Thursday, July 24, 2008

Hubris Watch update

UPDATED & BUMPED: Obama doesn't have time to visit troops at U.S. bases in Germany. No wonder Joe Klein's getting nervous.

And, oh yeah, Obama's lead in today's Gallup daily tracking poll is 4 points less than what it was 3 days ago. And as Allah notes, Team McCain has slammed Team Obama for dancing in the end zone before they've gotten past midfield.

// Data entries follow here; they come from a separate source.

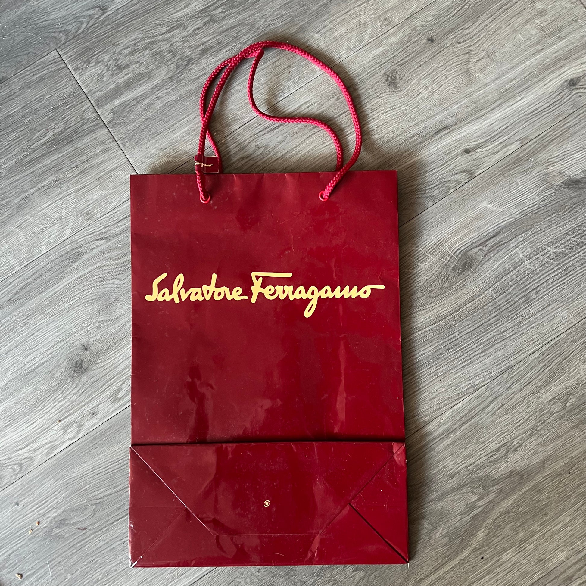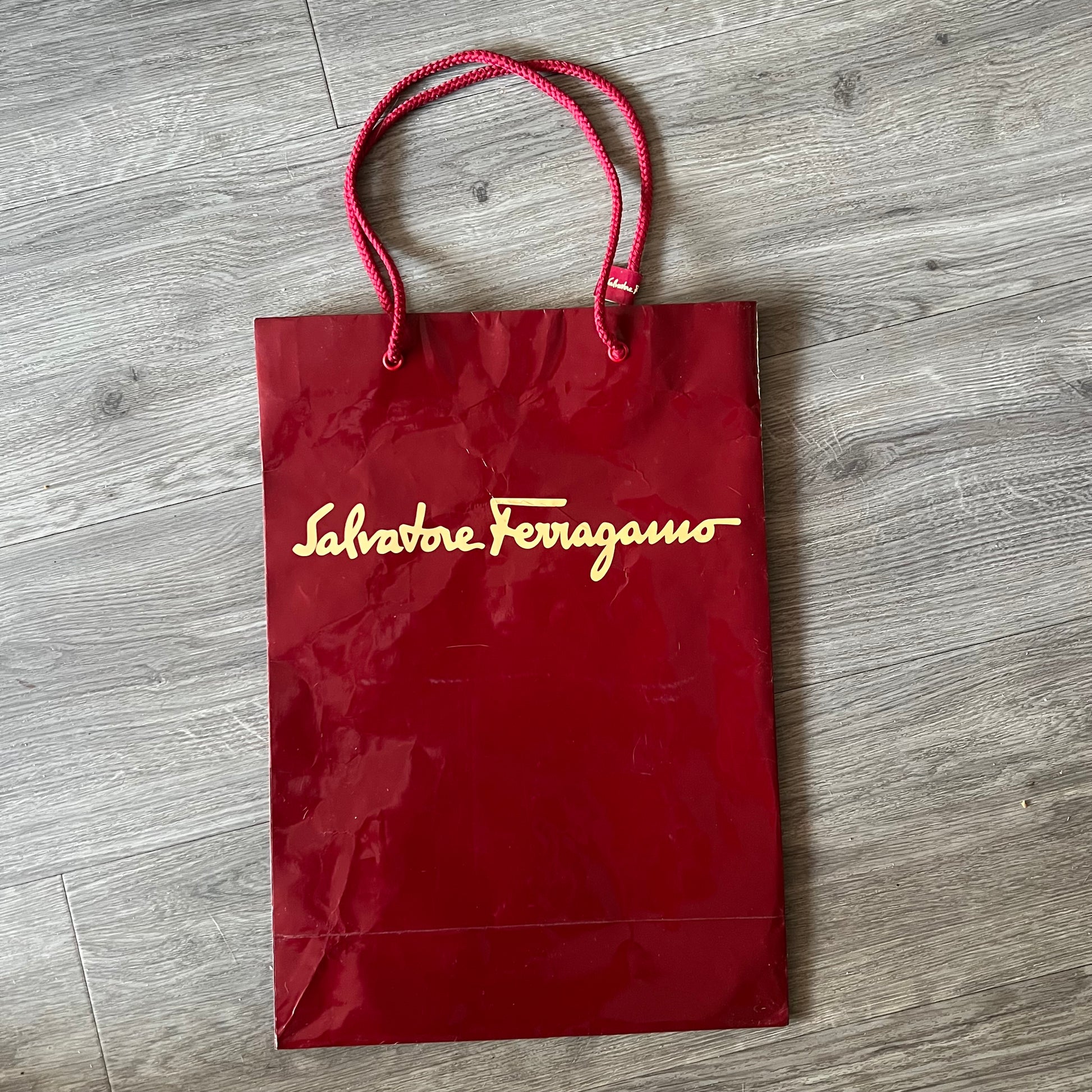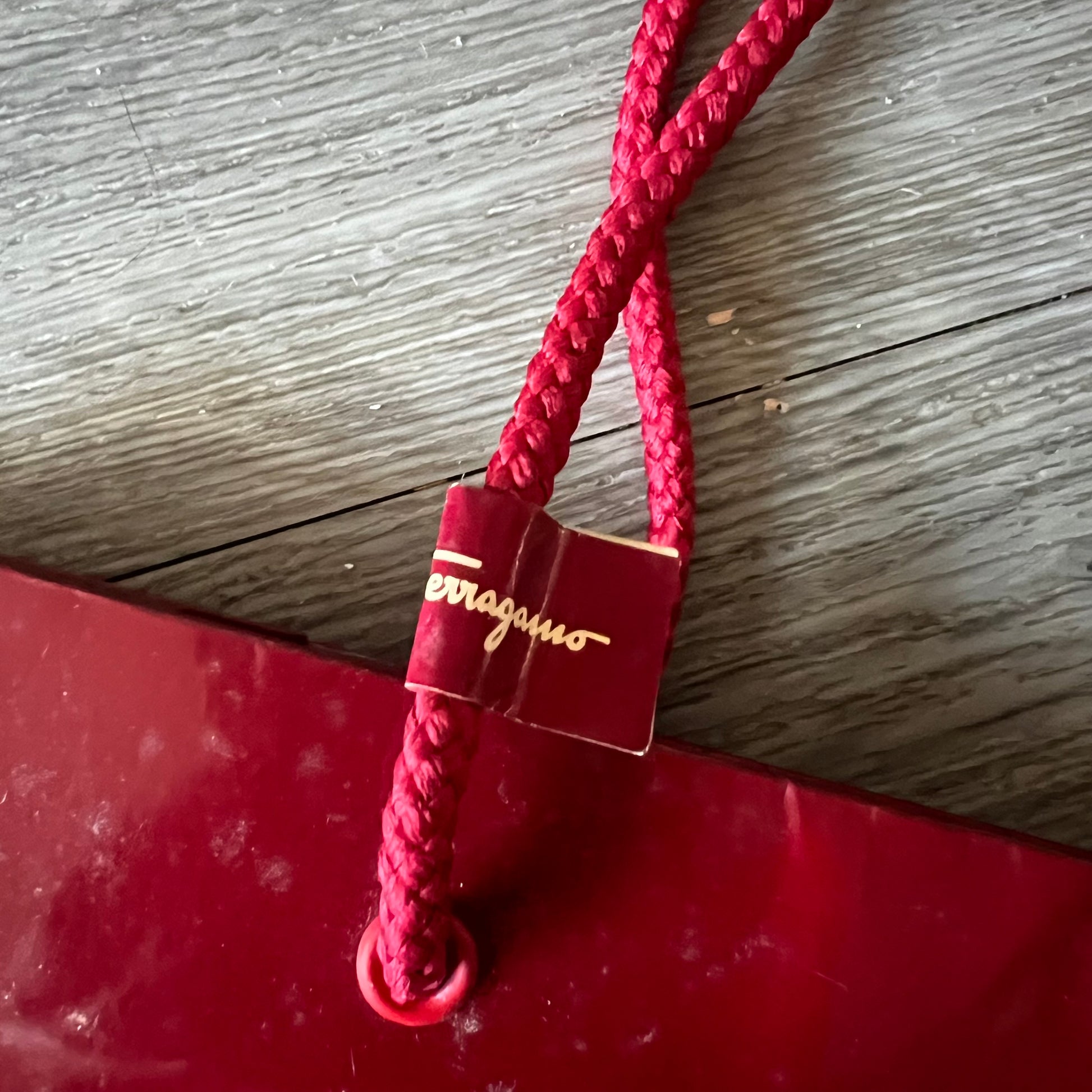 Authentic Pre Owned SALVATORE FERRAGAMO Red Shopping Bag 15.75x11x4.80 inches
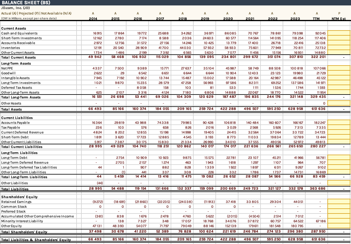 Cash and Equivalents is rising which is good. Cash per share in US dollars (including short-term investments) is $21.11 compared to the share price today which is trading at $26.24. Net cash position after accounting for all debt is $10.88 per share. Parallel rise in inventory and net income. There are no surprises here either. Current ratio is over 1 which means they will meet their short-term obligations without any problems. PP&E is financed internally without the need of debt. Goodwill is not increasing massively which indicate that they don’t make many acquisitions and is focusing on their core businesses. JD would be able to pay off all their debt with their cash, equivalents and short-term investments or with 2 years of earnings. Debt to equity is 0.4. Retained earnings are piling up which is good. They have not issued any common or preferred stocks and they have begun purchasing back shares in accordance with their share repurchase program. The company may repurchase up to US$5.0 billion worth of its shares (including ADSs) over the next 36 months through the end of August 2027. The balance sheet is very healthy and there are no signs of financial problems. What I find most interesting regarding JD’s balance sheet is their net present value and liquidation value which is very close to the share price. Cash, equivalents and short term investment totaled $28.8 billion as of June 30, 2024. Account receivables is $2.978 billion, Inventory is $9.721 billion, other current assets is $1.916 Billion, PP&E is $10.758 billion, Land is $5.289, Equity Investments is $7.572 billion and Long-term investments is $11.964 Billion. The value of the aforementioned is in total $78.998 billion. After subtracting total liabilities which is $50.044, we get $28.954 Billion in net asset value which equals $18.80 per share or 72% of the current share price ($26.24). The idea is not to hope that JD will liquidate all their assets and stop operating, but rather get an insight to how big the margin of safety is. Free cash flow as of June 30, 2024 for TTM is $7.656 Billion which is $4.97 per share. Assuming that the free cash flow will not grow in the future it would take you 1.5 years to get back your investment in assets (excluding intangible assets and goodwill etc) and free cash flow. (Share price - Net Asset Value) / FCF = ($26.24 - $18.80 = $7.44 ⇒ $7.44 / $4.97 = 1.50). If we account for a discount rate of 10% (WACC) it would take just under 2 years.
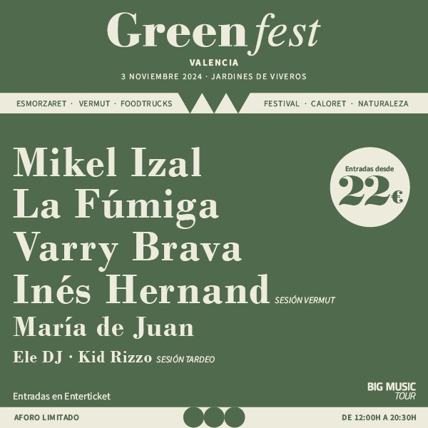 El Green Fest 2024 contará con la participación de reconocidos artistas y bandas como Izal, uno de los grupos más icónicos del indie español, y La Fúmiga, los referentes valencianos de la música festiva y reivindicativa. Además, la música se complementará con la actuación de la talentosa cantante María de Juan, cuya propuesta artística combina pop, jazz y soul.
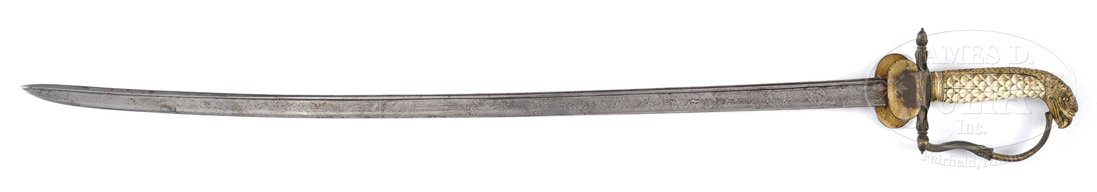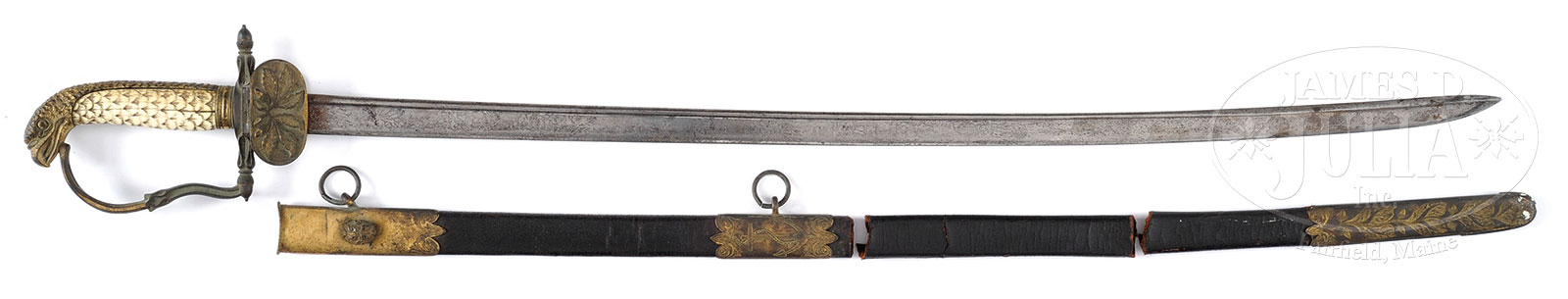 RARE INSCRIBED MODEL 1841 REGULATION US NAVAL OFFICER’S SWORD OF LT. HENRY T. WINGATE.Fine ivory gripped eagle-head sword inscribed on rear languette “H. TINGEY WINGATE / USN”. Henry T. Wingate was born in Charlestown, MA in 1817 and died in 1854 and is buried in Mt. Auburn Cemetery in Cambridge, MA. Wingate is listed as a mid-shipman on the USS Potomac in 1840. Accompanying this sword are five pieces of silver flatware, all with his last name “WINGATE”. Three of the pieces are coin and are marked “LINCOLN & REED” (Boston). SIZE: Sword & scabbard: 33″ overall. PROVENANCE: Original contents from the estate of Louise Alida Livingston, Oyster Bay, L.I., N.Y. Removed from the family home, Greenport L. I., N.Y. Special Note: This item(s) contains plant or animal properties that may be covered by the Endangered Species Act (ESA). Please read the Conditions of Sale, section 15, for more information regarding the Endangered Species Act, and your responsibilities as a buyer. CONDITION: Sword is very good overall, 28″ blade is overall grey with scattered areas of staining and pitting. Patriotic naval etched motifs are discernible, though weak. Rusted at ricasso and no discernible makers mark. Original scabbard which accompanies sword is broken in three pieces, but all three engraved mounts are intact and retain much of their gold plating with overall matching chocolate/green patina to brass hilt. Carved ivory grip is complete with several hairlines. All in all, an honest “as found” scarce American naval sword. Flatware is very good overall. 51941-26 (800-1,200) ESA – Lot 2068

FLASHBACK: Has Team Obama lost it? -- the June 28 post in which I first expressed my shock that Hopey was planning this European excursion:
Pennsylvania? Ohio? Florida? No, forget about the stupid morons in those silly swing states -- let's campaign in foreign countries where there aren't even any eligible voters!
If this trip proves to be a mistake -- the fatal turning point at which everything starts going south for Obama -- I stand ready to stake my claim as first in line to say, "I told you so."

PREVIOUSLY: Team Obama is already measuring the drapes in the Oval Office, and picking out their dresses for the inaugural ball. Meanwhile a trio of liberal pundits explains why history proves that it's safe to ignore the fact that His Hopefulnness still hasn't gotten a poll bounce:

It is no exaggeration to say that the political environment this year is one of the worst for a party in the White House in the past sixty years. You have to go all the way back to 1952 to find an election involving the combination of an unpopular president, an unpopular war, and an economy teetering on the brink of recession.
Barack Obama is not a national hero like Dwight Eisenhower, and George Bush is no Harry Truman. But if history is any guide, and absent a dramatic change in election fundamentals or an utter collapse of the Obama candidacy, John McCain is likely to suffer the same fate as Adlai Stevenson.
Hmmm. I wonder if these liberal pundits have talked to any Obama organizers in Pennsylvania lately. (I have. To say that they've encountered some "unease with Obama" might be an understatement.) This liberal trio is guilty of trend-mongering: The assumption that general political trends render actual campaigns and actual candidates irrelevant to election outcomes.

In 1995, it was widely assumed that Bill Clinton had no hope of re-election. Conservatives told themselve, "Any Republican could beat Clinton!" But "any Republican" wasn't on the ballot in November 1996; Bob Dole was.

But please, Obamaphiles, don't let me rain on your (inaugural) parade.